41. <Эпиграмма на И. С. Аксакова>
Михаил Александрович Дмитриев принадлежал к одному из самых древних в
России дворянских родов. {В неопубликованных автобиографических "Записках"
(ГИМ) М. Дмитриев указывал, что он происходит от Рюрика в "28-м колене", а
от Мономаха - в 21-м. Там же находится стихотворение "Мономахи" (см. его на
с. 63), посвященное родословной поэта. В дальнейшем сведения, почерпнутые из
этой рукописи, и цитаты из нее приводятся без ссылок. Продолжением "Записок"

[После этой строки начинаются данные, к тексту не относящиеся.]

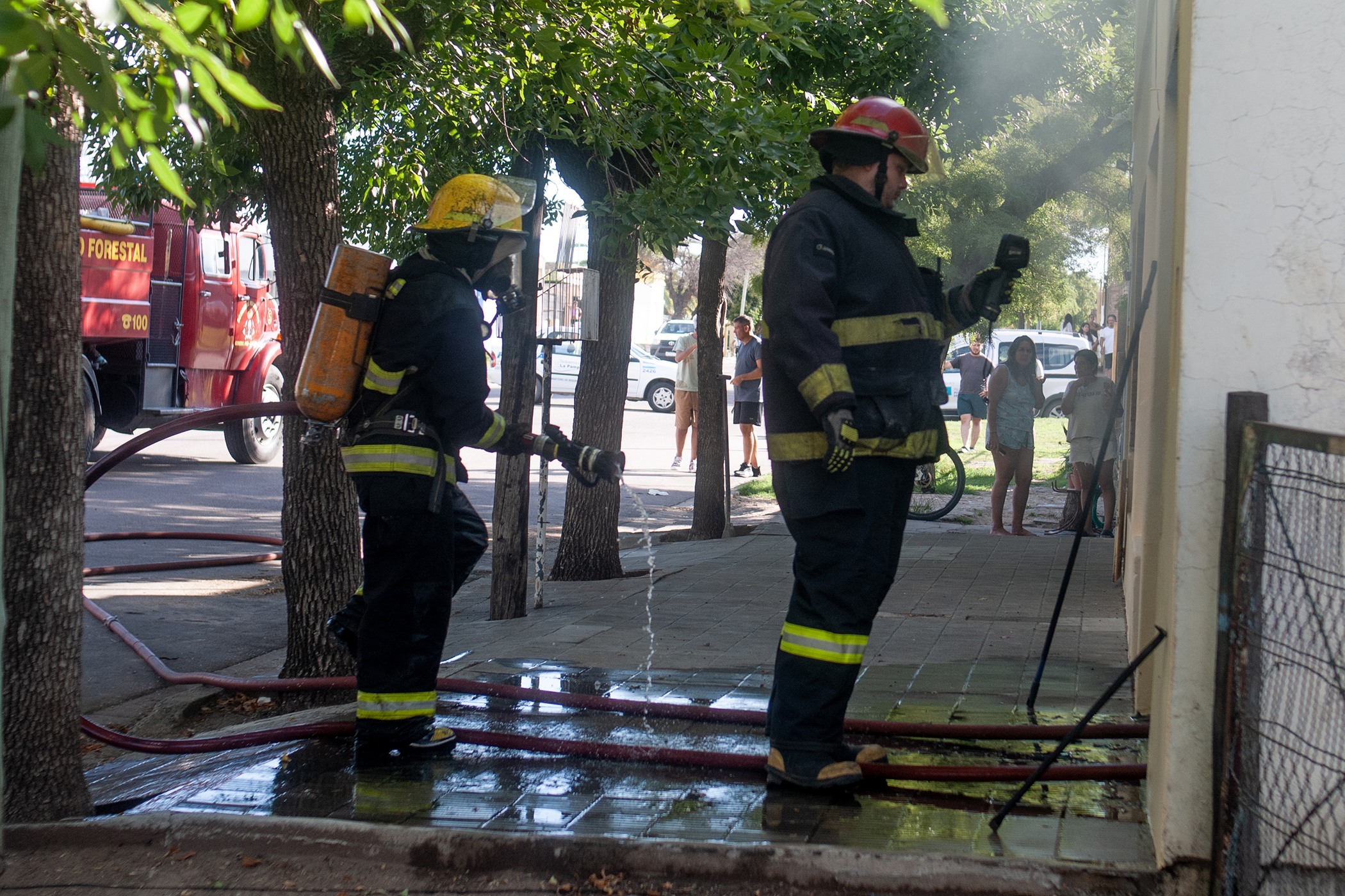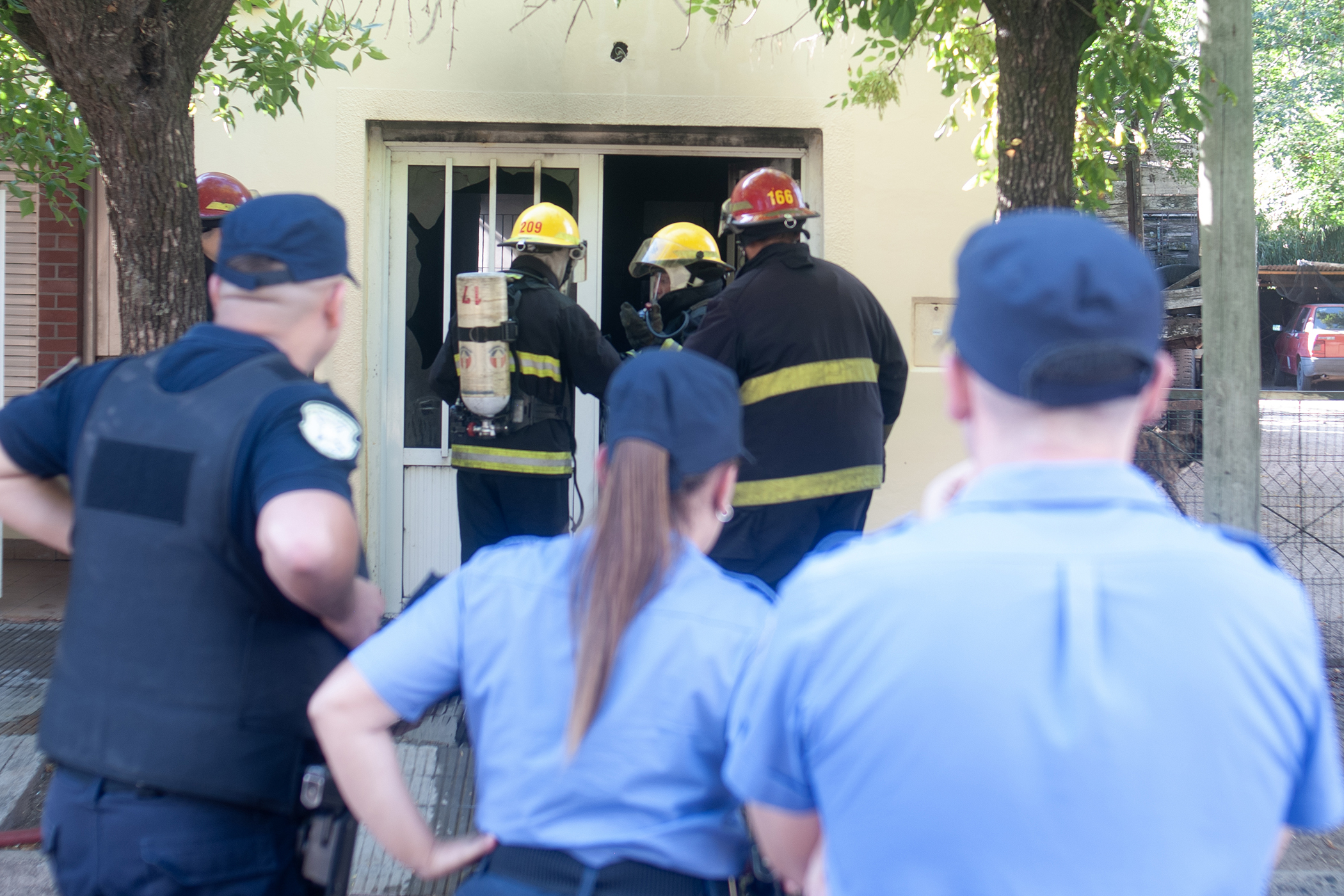 En el lugar trabajaron dos unidades de Bomberos Voluntarios, con aproximadamente 7 efectivos, junto a personal de Comisaría Segunda. El fuego logró ser controlado tras intensas tareas.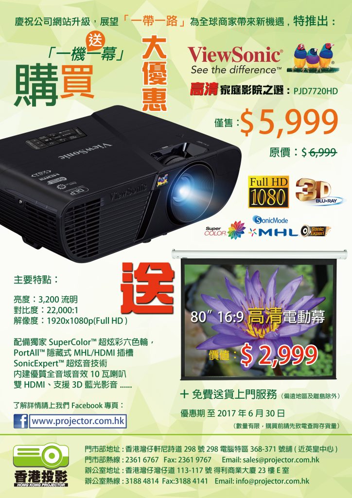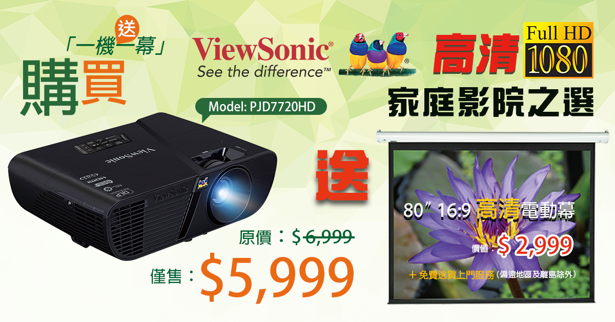 ViewSonic PJD7720HD可以較低價格卻能為你呈現高解析度的畫質享受,實爲一款性價比極高的組合家庭影院用投影機。而配合活動贈送的價值$2,999的電動投影幕,幕料採用高等級白塑物料、精准定位的新型同步電機, 是保證高清靚畫質播放的優良幕布。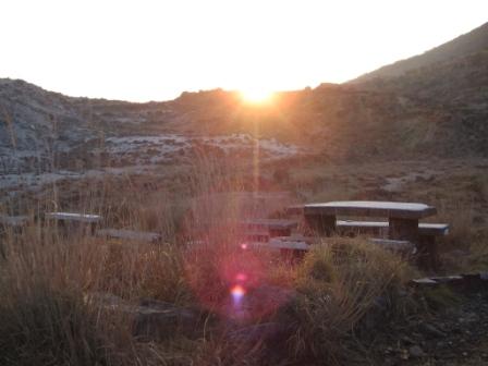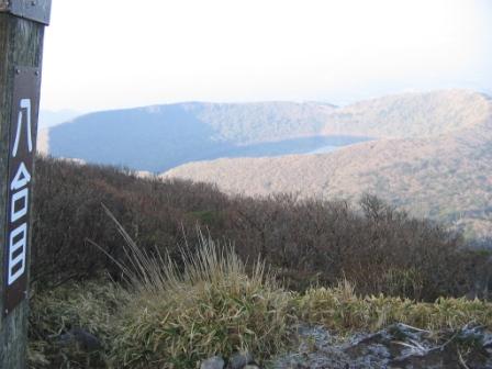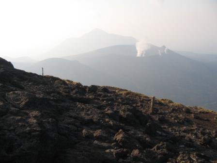 ●本文:九州の山旅2日目〜。えびの高原は1200m〜霜が降り窓ガラスが凍っていた。明るくなると共に起床〜。 この日は、百名山の2座目、韓国岳に登る。 登山口に着くと、先客があった。日の出を楽しみながら、あっという間に頂上に着く。山頂からは、昨日登った 高千穂が素晴らしかった〜。ここでも360度の展望を楽しんだ後、速攻下山〜。この後、山を始めた頃の山仲間と 会う為に、宮崎へ移動〜。温泉とお昼に食べた宮崎牛〜そして何より久しぶりに会った仲間が、この後の山行に 対しパワーをくれた。宮崎の高千穂・天の岩戸を観光し、祖母山の登山口・尾平に移動する。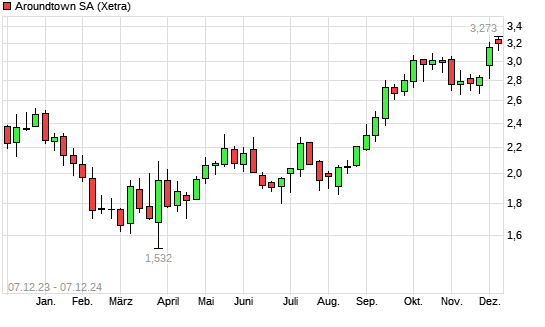 Mit dem Anstieg auf 3,21 EUR hat die Aroundtown-Aktie (ISIN LU1673108939) am 06.12.2024 ein neues 12-Monats-Hoch erreicht und damit den Kurs vom 05.12.2024 eingestellt.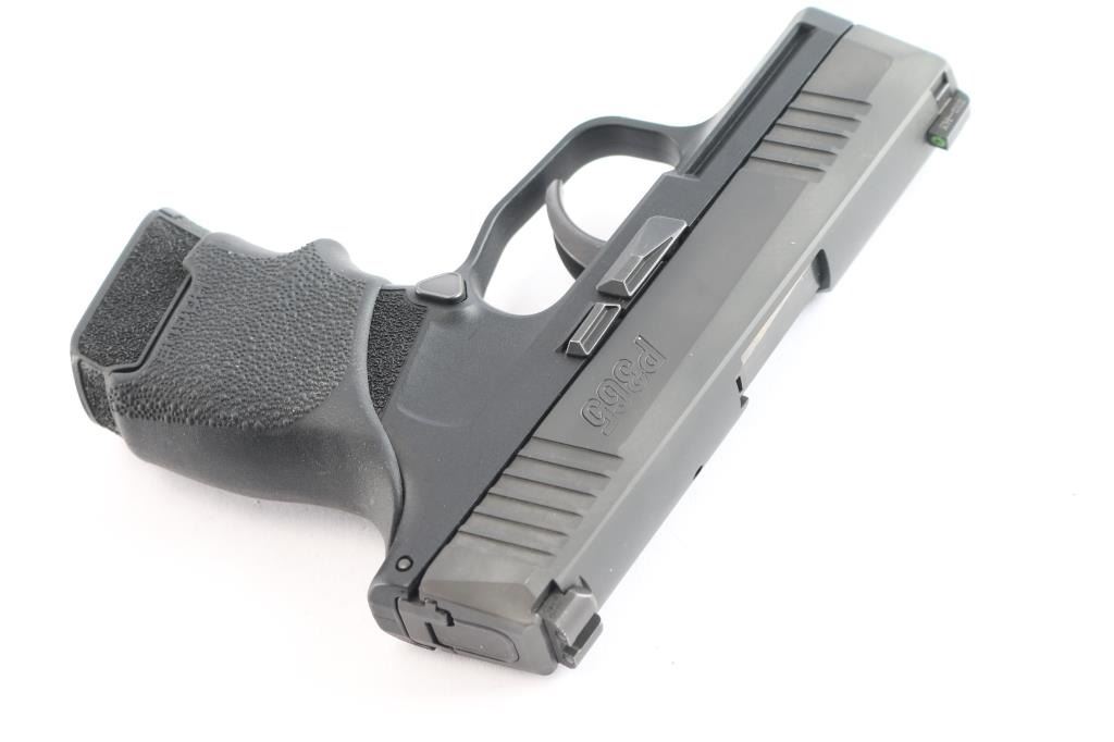 Modular striker fired semi-automatic sub-compact pistol rated for +P 9x19mm ammunition. Features a black Nitron finished stainless steel slide with fore & aft cocking serrations, 3.1" barrel with loaded chamber viewing window, captured recoil spring, XRAY3 three-dot tritium day/night sights, smooth curved trigger, push button magazine release, factory 12 round magazine with grip extension, and black polymer module with integral accessory rail, stippled grip panels, & Hogue pebbled black rubber slip-on grip sleeve. Includes a factory hard case with manual and OEM 10 round flush-fit magazine. Pistol retains approximately 99% of its original finish showing minute edge wear and a couple small scratches. The action is mechanically sound, the bore is excellent, the night sights have some glow, and the polymer is excellent.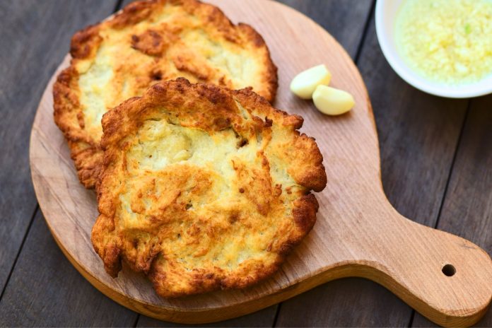 A víz és olaj keverékéhez reszeld bele a fokhagymát, és ezzel kend meg a kész lángosokat.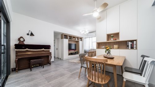 本案整體空間以淺杏色為基調(diào),打造舒適、自然、而不失雅致的的空間氛圍,讓設計回歸生活的本質(zhì)。室內(nèi)設計師把生活陽臺融入廚房,擴大廚房空間,增加電器高柜,閑暇時米米麻麻在餐廳西廚區(qū)給米米做最愛的甜點,粑粑坐在客廳沙發(fā)上看報紙,最好的幸福也不過如此。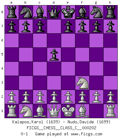 Last move : 0-1 2013 November 6 18:14:37 [Event "FICGS__CHESS__CLASS_C__000202"] [Site "FICGS"] [Date "2013.09.11"] [Round "1"] [White "Kalapos,Karol"] [Black "Nudo,Davide"] [Result "0-1"] [WhiteElo "1639"] [BlackElo "1699"] 1.Nf3 d5 0-1 This chess game has been lost on time (started : 2013.09.11 12:9:23) Reti Opening Player Black won this chess game. Follow this game move after move (download)All I want to do, ever, is just play Chess. (Bobby Fischer) Es ist wirklich schade, dass so viele Schachspieler nicht auf ihr Äußeres achten! (Alexandra Kosteniuk) ¿Quién es tu oponente esta tarde? Esta tarde mi oponente son las piezas negras. (Akiba Rubinstein) En blitz, le Cavalier l'emporte sur le Fou. (Vlastimil Hort) Think like a man of action, act like a man of thought. (Henri Louis Bergson)

служат неопубликованные "Главы из воспоминаний моей жизни", 1864-1866 гг.
(ГБЛ).} Он родился 23 мая 1796 года в поместье деда - селе Богородском
Сызранского уезда Симбирской губернии. Отец его, А. И. Дмитриев, старший
брат прославленного поэта И. И. Дмитриева (1760-1837), человек не чуждый
литературе, сотрудничавший в изданиях Карамзина, состоял на военной службе в
чине полковника. Он умер, когда сыну его исполнилось два года. После смерти
матери (в 1806 году) заботу о воспитании подростка взяли на себя дед,
бабушка и тетка.
С 1806 года М. Дмитриев в Москве. Ровно год проучился он в "высшем
классе" Университетского благородного пансиона, а в 1812 году был принят в
студенты Московского университета и одновременно приступил к службе в архиве
иностранной коллегии. Из-за войны с Францией занятия в университете
фактически начались с сентября 1813 года. М. Дмитриев прилежно посещает
лекции А. Ф. Мерзлякова и М. Т. Каченовского, штудирует эстетику,
совершенствуется во французском и овладевает немецким и латинским языками.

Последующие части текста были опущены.